Bandwidth in WordPress hosting refers to the total volume of data transferred between your server and visitors each month. Every page load, every image download, every file a visitor requests counts toward your bandwidth allowance. Understanding what bandwidth means, how much you need, and what happens when you approach your limit is part of choosing the right hosting plan.
Bandwidth vs Storage: They Are Different Things
These two terms get confused regularly. Storage is the space available to store your WordPress files, database, images, and other assets on the server. Bandwidth is the data transferred when visitors access those files.
A website with a 2GB storage footprint could consume 50GB of bandwidth in a month if it receives heavy traffic, because every visitor downloads copies of those 2GB of assets. Conversely, a site with 20GB of stored video files but very few visitors might consume almost no bandwidth.
| Storage | Bandwidth | |
| What it measures | Space used on server | Data sent to visitors |
| When it matters | Large media libraries, files | High traffic volume |
| Resets monthly? | No, accumulates | Yes, resets each billing period |
How to Estimate How Much Bandwidth You Need
A rough formula: multiply your average page size by your monthly pageviews. A typical WordPress page with images is around 2MB to 3MB. A site receiving 10,000 pageviews per month with an average 2.5MB page size consumes roughly 25GB of bandwidth per month.
Two factors reduce actual bandwidth consumption significantly: a CDN offloads much of the asset delivery away from your origin server, and browser caching means repeat visitors do not re-download assets they already have. Sites with a CDN in place often see 60% to 80% lower origin bandwidth usage than their raw pageview numbers suggest.
If you are migrating from an existing host, check your current bandwidth usage in your hosting control panel before choosing a new plan. This gives you a real baseline rather than an estimate.
WP Engine Bandwidth Limits by Plan
| Plan | Monthly visits | Bandwidth | Storage |
| Startup | 25,000 | 50GB | 10GB |
| Professional | 75,000 | 125GB | 15GB |
| Growth | 100,000 | 200GB | 20GB |
| Scale | 400,000 | 500GB | 50GB |
WP Engine measures bandwidth at the origin server. Because all plans include a Cloudflare CDN, a significant portion of your traffic is served from CDN edge nodes and does not count toward your origin bandwidth total. This effectively makes the usable bandwidth considerably higher than the plan figures suggest for most sites.
What Happens If You Exceed Your Bandwidth Limit
WP Engine does not shut down your site if you exceed your bandwidth allocation. Instead, overage is billed at a per-GB rate above your plan’s included amount. WP Engine will notify you when you approach your limit so you can upgrade your plan before incurring overage charges.
If your site regularly hits bandwidth limits, the right response is usually to upgrade your plan or ensure your CDN is properly configured to offload origin requests. Frequently hitting limits on a Startup plan suggests your traffic has grown past what the entry tier is designed for. The guide to choosing a plan based on traffic helps you identify the right tier for your volume.
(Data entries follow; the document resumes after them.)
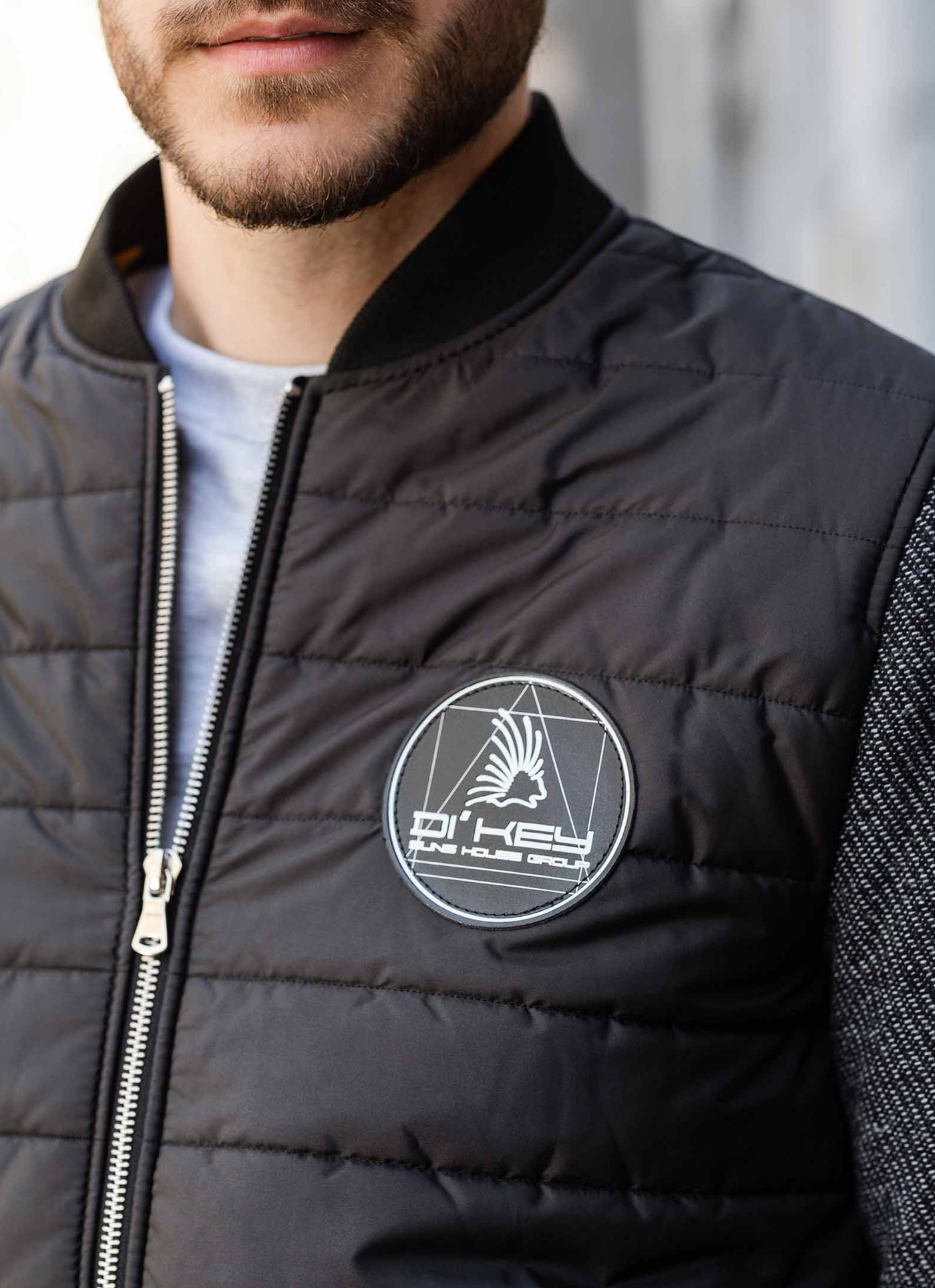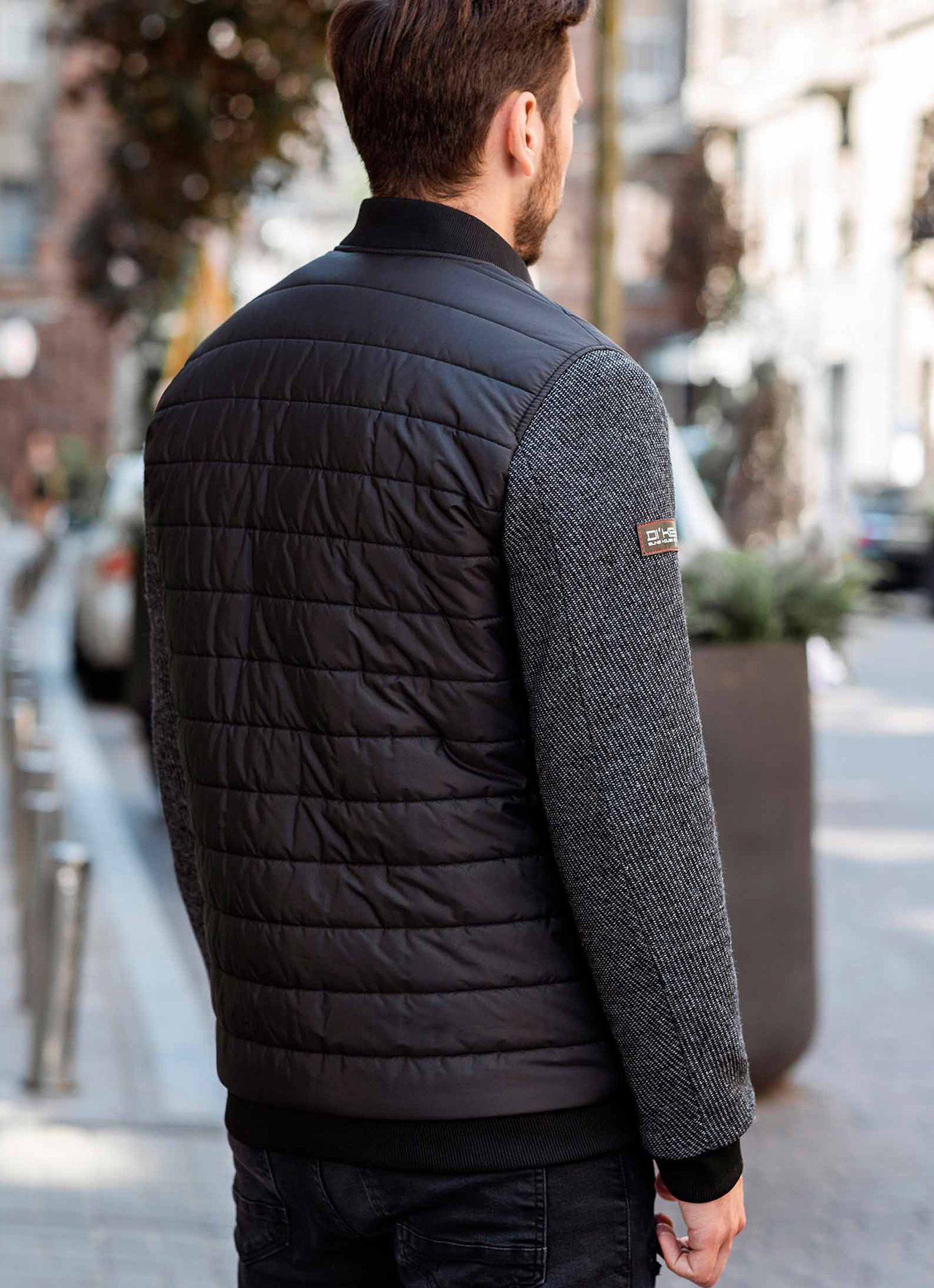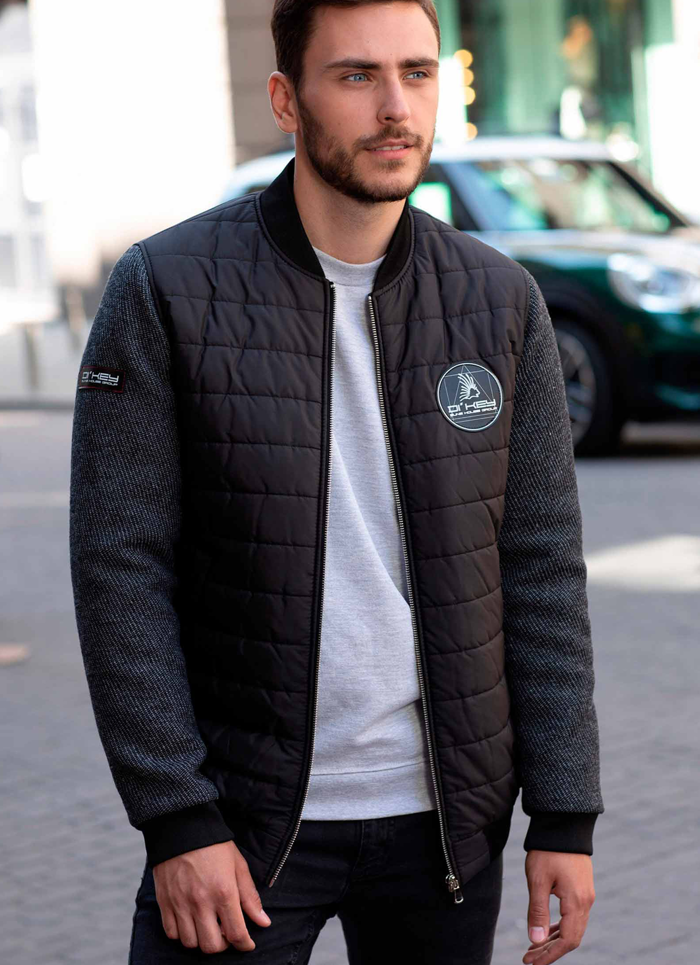 Практична куртка Бомбер, чорного кольору, стильна і приваблива, яка користується великим попитом серед активних і цілеспрямованих чоловіків, комбінована різними тканинами рукава (натуральна вовна), та основної тканини Polynosic, а також стилні трикотажні рукавні манжети, пояс та горловина, 2 бокові кишені та 2 внутрішні.
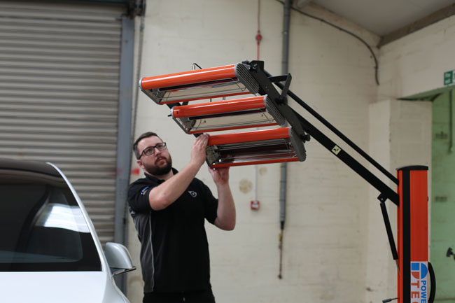 Professional bodyshops know and trust Power-TEC products and this new infrared paint drying lamp (part number 92476) is a high quality and versatile solution to quick air drying of spot and panel repairs.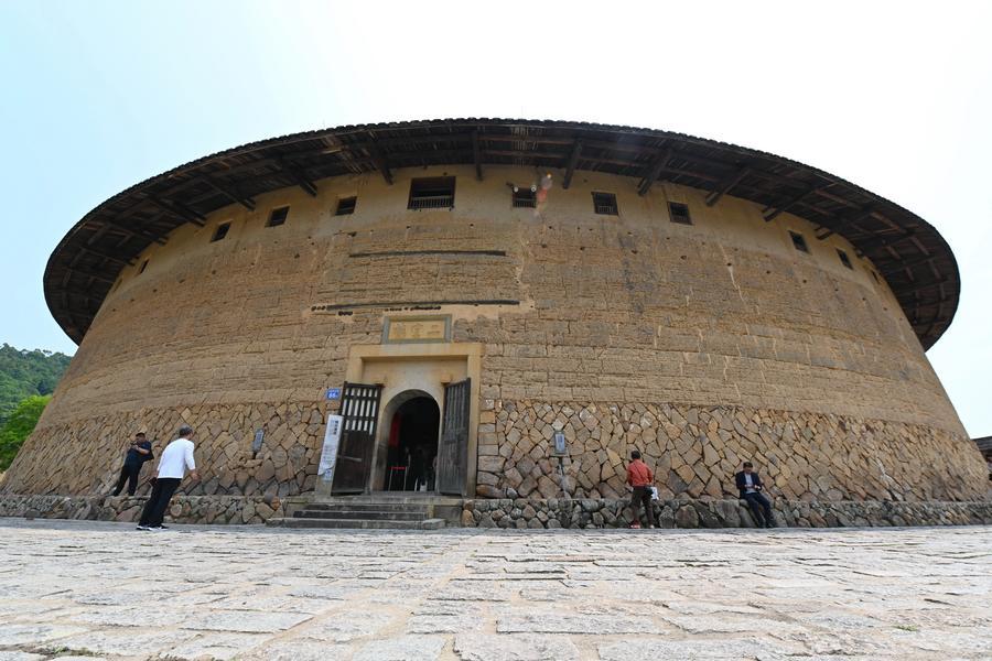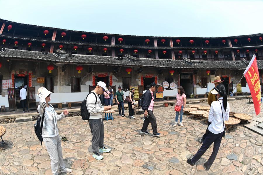 9日、福建省漳州市南靖県にある懐遠楼を見学する観光客。(福州=新華社記者/林善伝)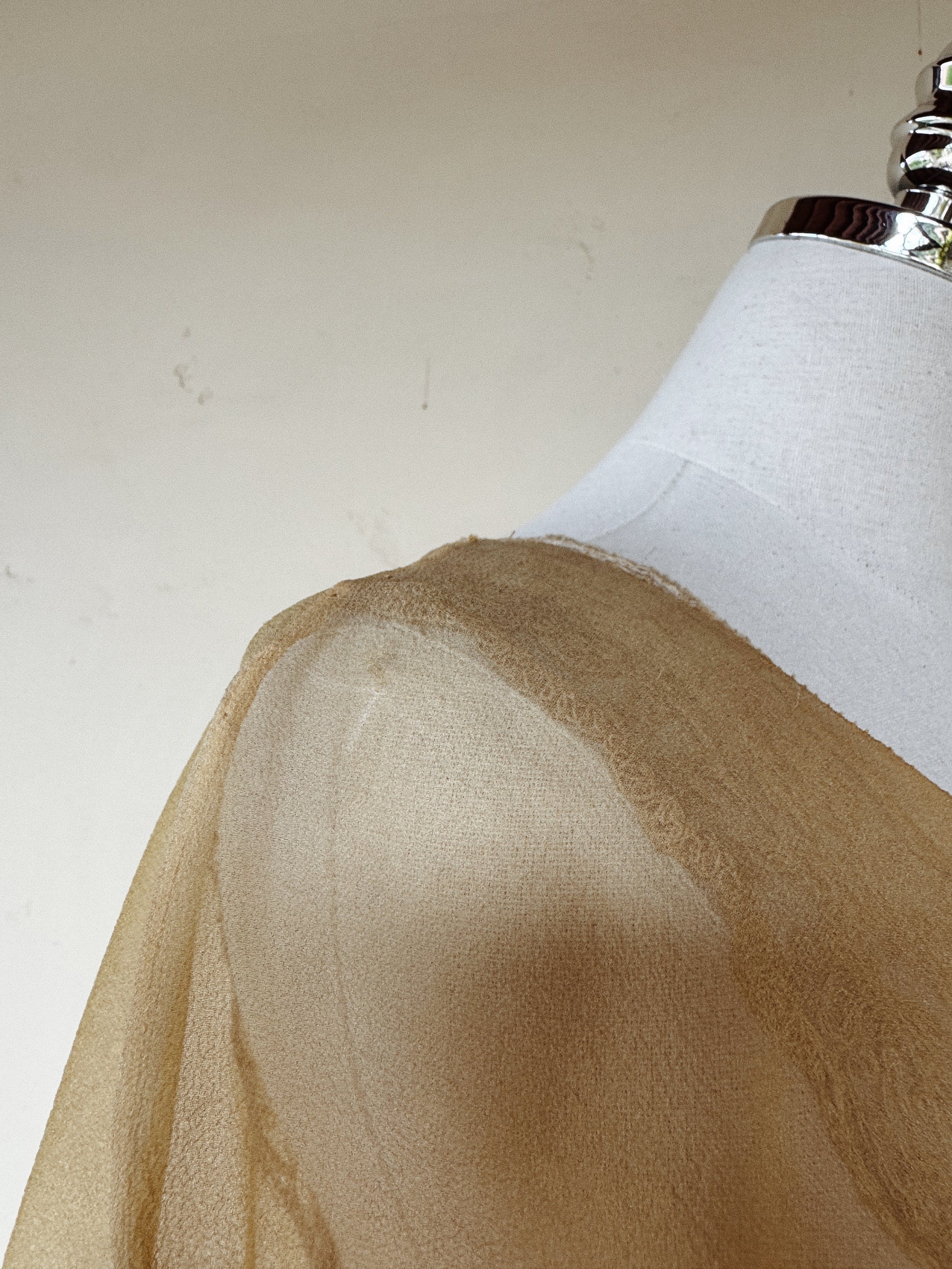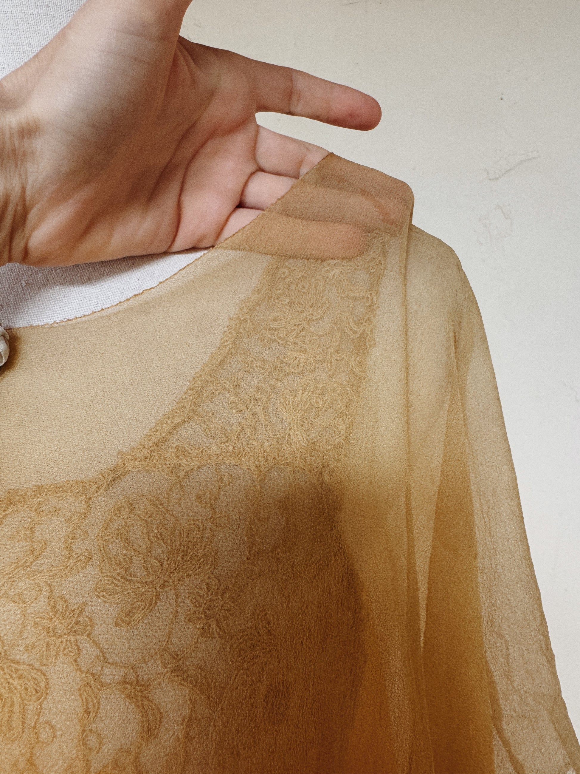 Condition is quite good for age, though does have a few minor flaws. Most notably, on the tunic, there is a faint watermark on the shoulder, and a small hole on the side near the tassel. For the slip, there are various minor and small marks and a few small pinholes. Lace does not seem to bare any holes as far as I can tell, but needless to say, should be worn with care. She really presents beautifully and chiffon is in strong condition. A rare and unique piece that doesn’t come around often.
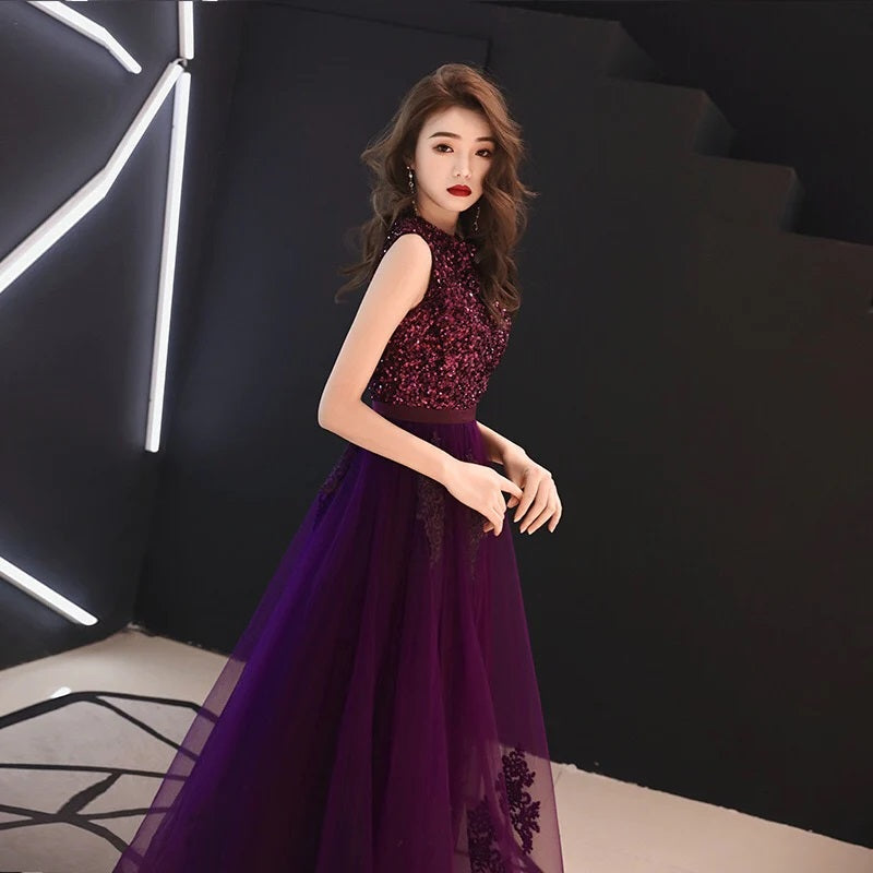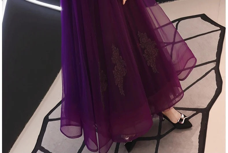即納ドレス あす楽 a1401 ロングドレス パープル大人イブニングドレス カラードレス ブライズメイド Aラインドレス ステージドレス お急ぎ 演奏会 大きいサイズ 結婚式二次会 お呼ばれ 結婚式 発表会 ロング丈 即日発送 上品

How a CDN Reduces Bandwidth Usage
When a CDN serves a file to a visitor, that transfer happens between the CDN’s edge node and the visitor, not between your origin server and the visitor. Only the initial request that populates the CDN cache counts against your origin bandwidth. Every subsequent request for that file from the cache does not.
For a site with heavy image content, enabling a CDN can reduce origin bandwidth consumption by 50% to 80%. WP Engine includes Cloudflare CDN on all plans. For sites on standard hosting, Cloudflare’s free plan achieves similar CDN offloading. More detail: What Is a CDN and Does Your WordPress Site Need One?
Frequently Asked Questions
Does unlimited bandwidth hosting actually exist?
Most hosts that advertise unlimited bandwidth have fair use policies that cap actual usage or throttle sites consuming unusually high bandwidth. The limits are enforced, just not displayed prominently. For serious sites, a plan with a clear bandwidth figure and a known overage policy is more predictable than an ambiguous unlimited claim.
How do I check my current bandwidth usage?
In the WP Engine dashboard, go to your site overview and check the Usage section. This shows current-month bandwidth consumption against your plan limit. Most hosting control panels show a similar bandwidth usage graph, usually updated daily or hourly.
Does video content use more bandwidth?
Yes, significantly. A two-minute video at 1080p can be 200MB or more. Hosting video files directly on your WordPress server is almost never the right approach. Use YouTube, Vimeo, or a dedicated video hosting service and embed the player. This keeps video delivery off your hosting bandwidth entirely.